While orthopedic device companies are well-versed in ”manufacturing,” integrating AM into the workflow benefits from the expertise of an experienced partner. Leading AM solutions companies blend deep expertise with a diverse, broad library of biocompatible materials to assist in more easily streamlining these processes.
The Future of AM…Beyond Device Manufacturing
While this article focused on medical device manufacturing, AM is also playing a key role in other healthcare applications.
Virtual surgical planning (VSP®) – a service-based approach to personalized surgery combining expertise in medical imaging, surgical simulation and 3D printing – allows surgeons to perform the surgery digitally before entering the operating room. Biomedical engineers and the surgeon engage in an online planning session that results in the design and 3D printing of patient-specific models, personalized surgical tools and instruments are designed and 3D printed for use within the sterile field. In clinical applications where VSP is used today, the solutions have been shown to improve surgical accuracy and outcomes. These offerings save time in the operating room, which benefits both the surgeon and the patient.2,3,4
As healthcare expands its adoption of AM, the technology will become integral to delivering personalized care at point of care sites. This is already taking shape at some of the world’s elite hospitals where clinicians can create customized solutions for patients using technology available to them on campus. As the technology becomes more user-friendly, a larger number of hospitals will be able to implement end-to-end solutions, thereby changing the standard of care. AM has tremendous potential to shape the future of healthcare by unleashing innovation to disrupting existing models of manufacturing and patient care.

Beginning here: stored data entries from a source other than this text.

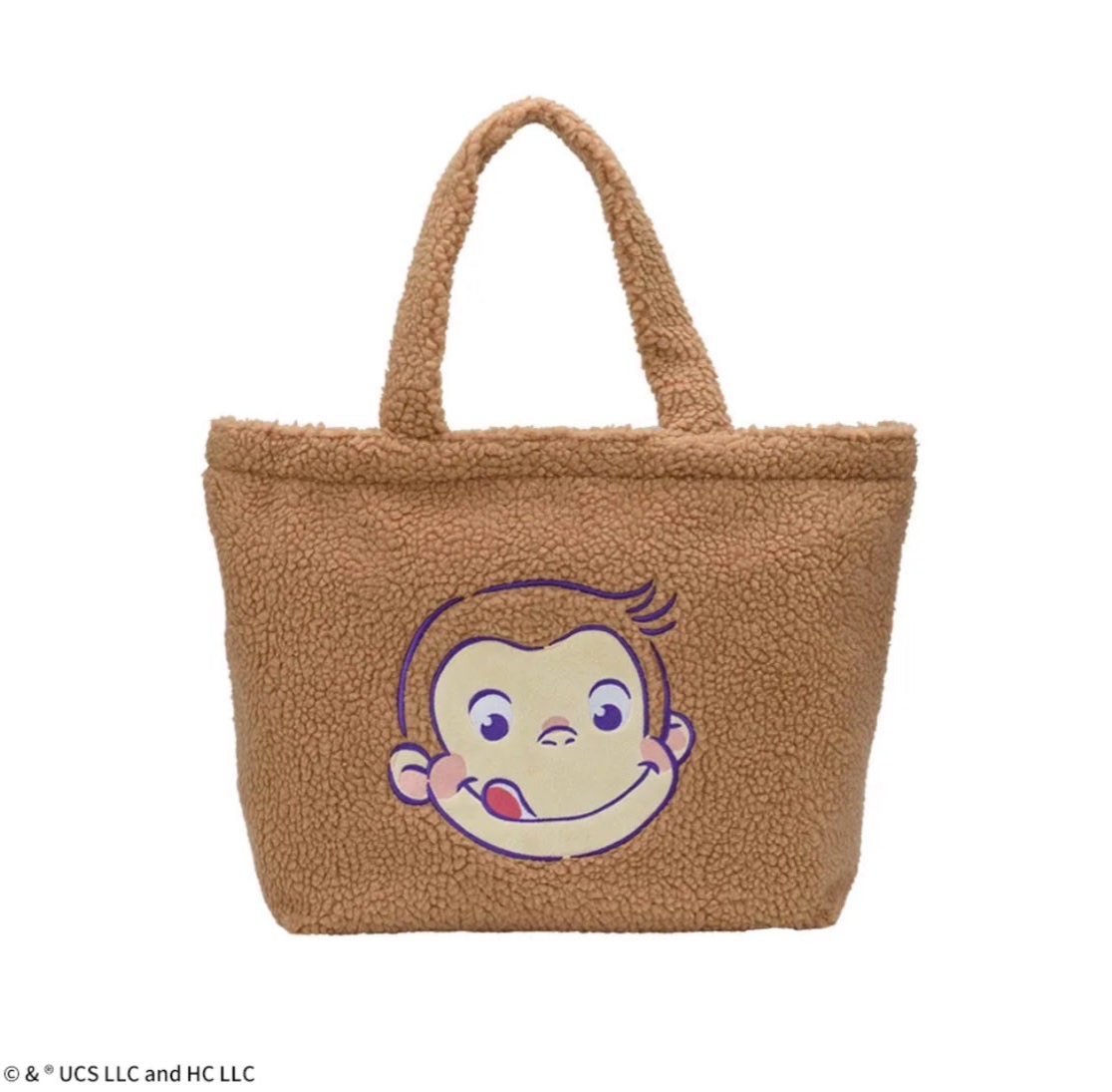 もこもこ生地の大きなサイズのバッグに「ジョージ」の顔がデザインされています。バッグの口部分にスナップボタンが付いています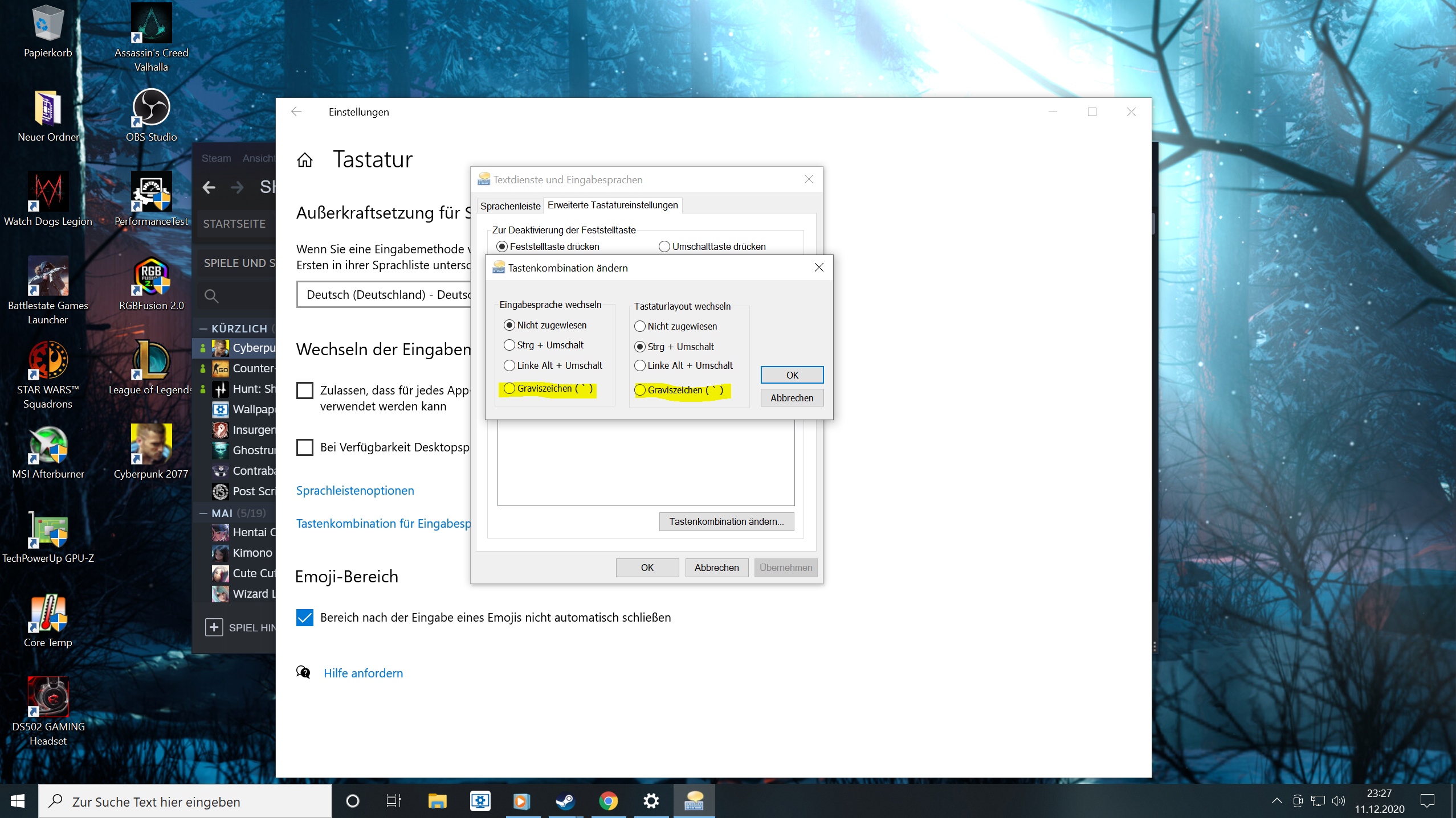 Beim zocken hat sich immer die Tastatur in ENG geändert das hat genervert also hab ich das umgestellt zu folge das jetzt irgendiwe Ö nicht mehr geht.....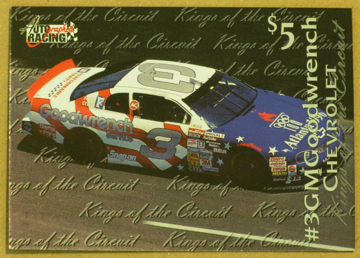 Keywords: Sports: Auto Racing, NASCAR, automotive, automobiles, autos, cars, #3 gm goodwrench chevrolet, 1996 olympics, atlanta olympics, busch beer, unocal, snap-on, rca, 3m, 76, autographed racing, kings of the circuit, autograph racing, The Score Board Inc.
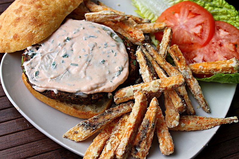 47. Black Bean Burger with a Sriracha Sauce: I hope you all love the new design as much as I do! I love that there are handy printables for the recipes now! (via Fabtastic Eats)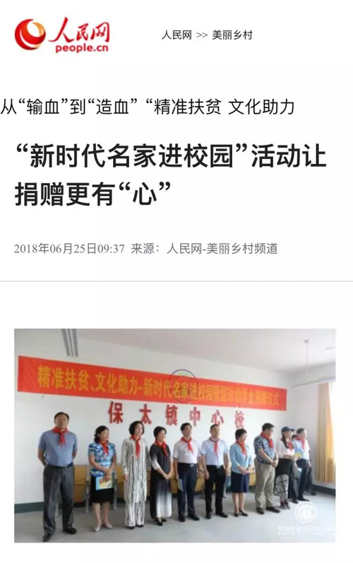 6月22日上午,由新时代健康产业集团联合中国报业协会中国产业经济信息网发起的、主题为“精准扶贫、文化助力——新时代名家进校园”活动在平邑县保太镇中心小学成功举办。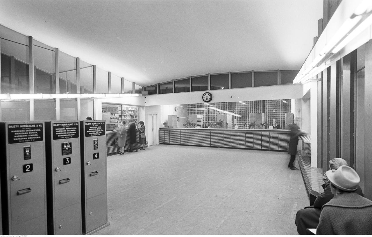 "Wnętrze budynku stacji. Widoczne stanowiska kasowe oraz automaty do sprzedaży biletów kolejowych".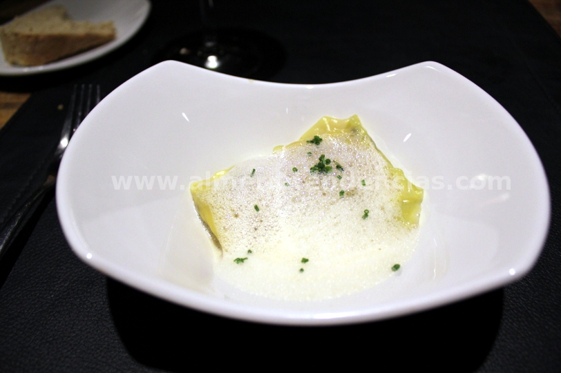 Dumpling de gambas y setas shitake, su sopa espumosa y espárragos verdes – iván abril – bacus
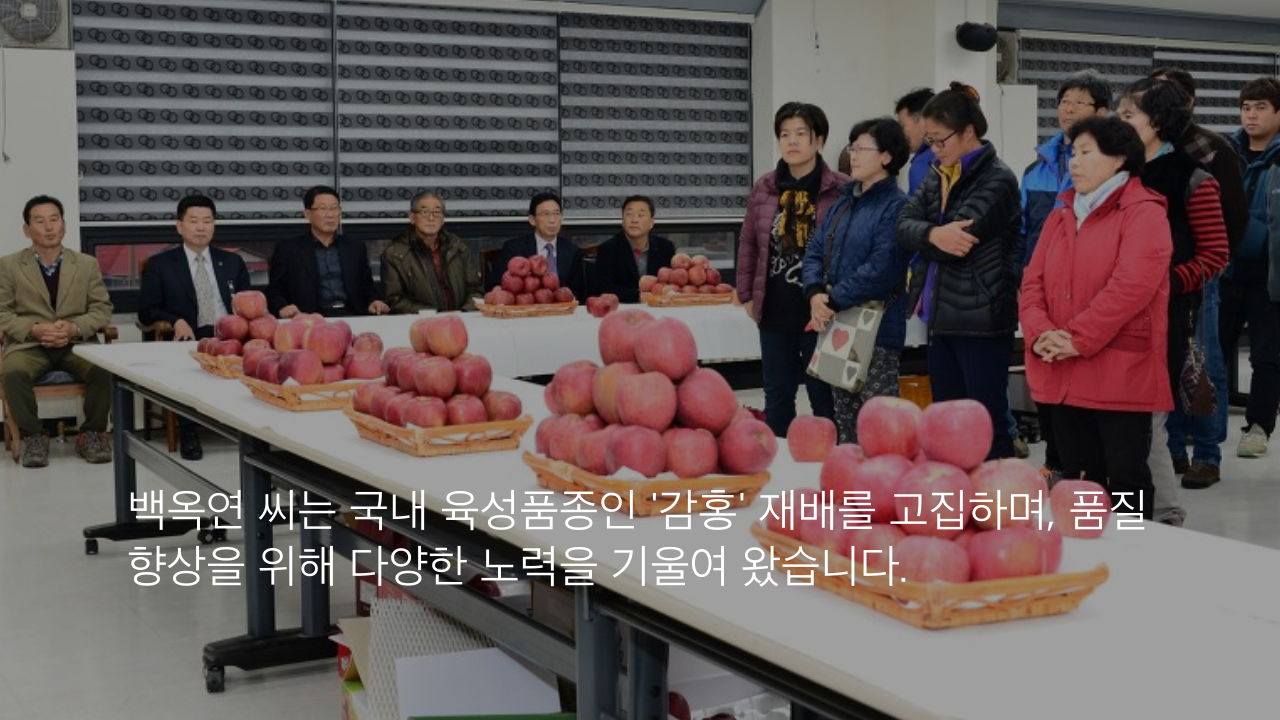 백옥연 씨는 국내 육성품종인 '감홍' 재배를 고집하며, 품질 향상을 위해 다양한 노력을 기울여 왔습니다.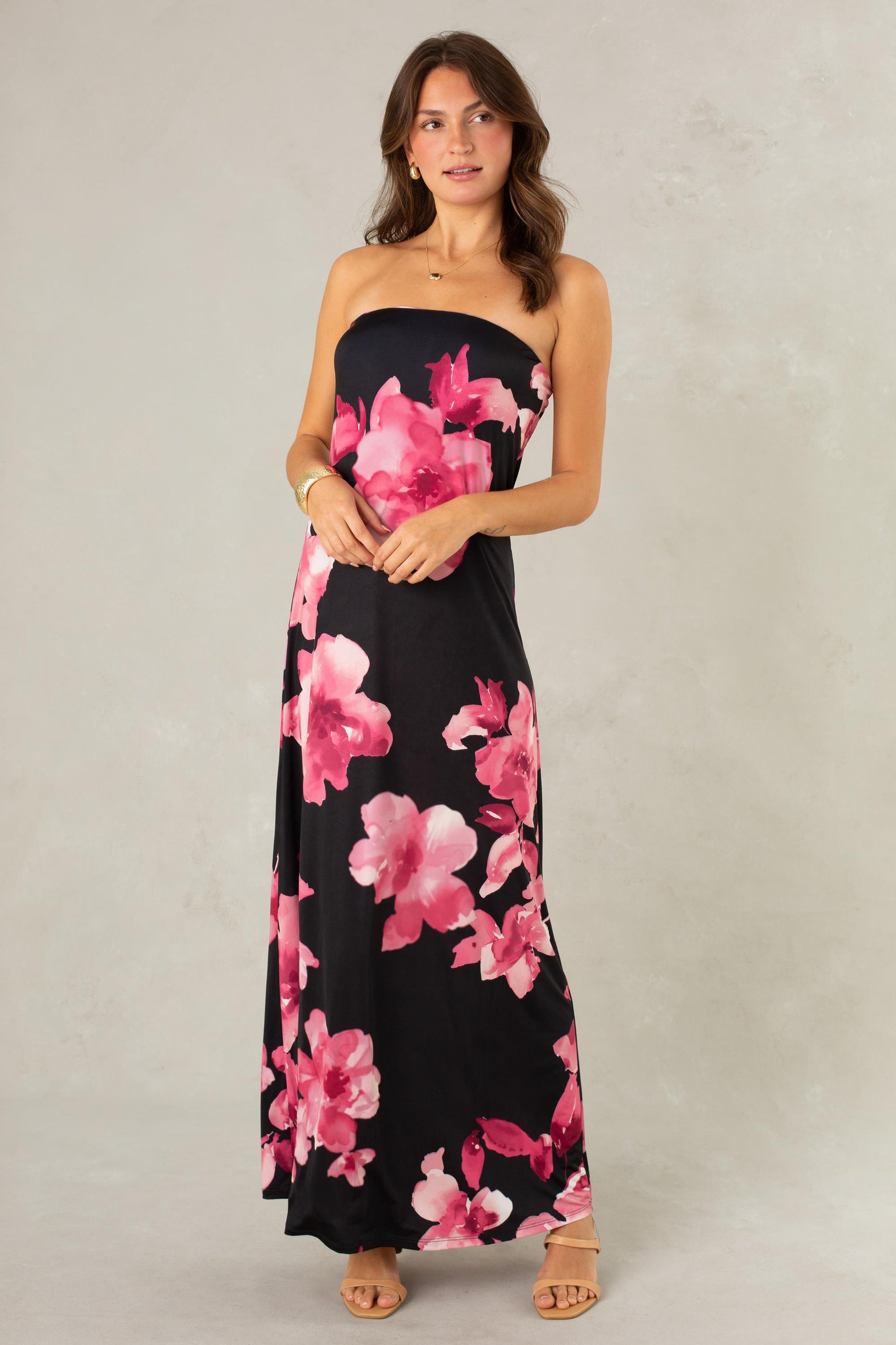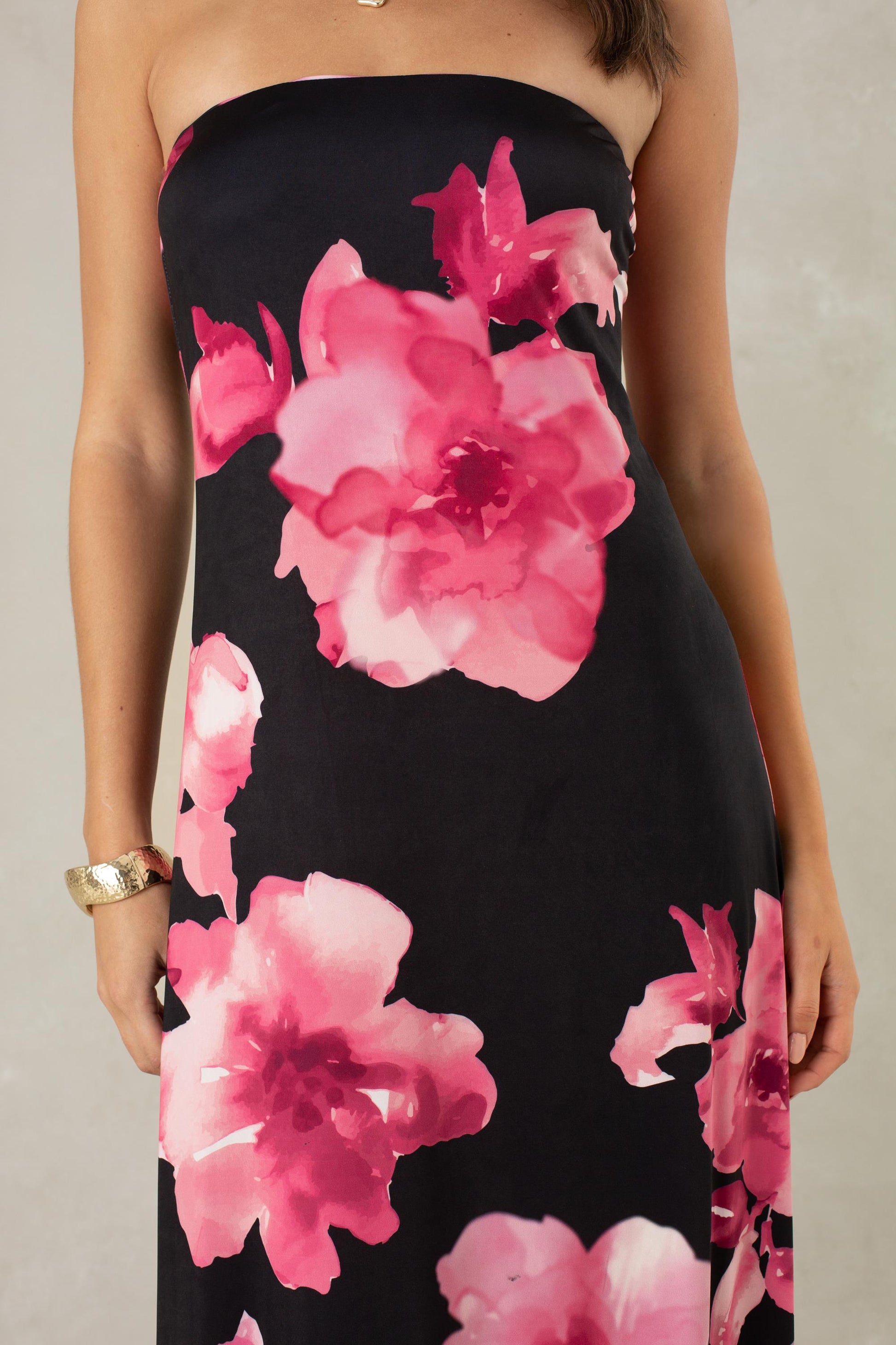 - The dress has a deep black base fabric, which provides a dramatic contrast to the large, stylized pink floral print. The flowers are rendered in various shades of pink, ranging from a vivid fuchsia to softer light pink and mauve, giving them a watercolor or painterly effect.

1. Gupta, G: OsseoTi porous metal for enhanced bone integration – an animal study. Study completed August 2012.
2. Sink J, Hamlar D, Kademani D, Khariwala SS: Computer-aided stereolithography for presurgical planning in fibula free tissue reconstruction of the mandible. J Reconstr Microsurg 28:395-404, 2012
3. Patel A, Levine J, Brecht L, Saadeh P, Hirsch DL: Digital technologies in mandibular pathology and reconstruction. Atlas Oral Maxillofacial Surg Clin N Am 20:95-106, 2012
4. Roser SM, Ramachandra S, Blair H, Grist W, Carlson GW, Christensen AM, Weimer KA, Steed MB: The accuracy of virtual surgical planning in free fibula mandibular reconstruction: comparison of planned and final results. J Oral Maxillofac Surg 68:2824-2832, 2010
Gautam Gupta is Vice President, Global Go to Market, Healthcare, 3D Systems.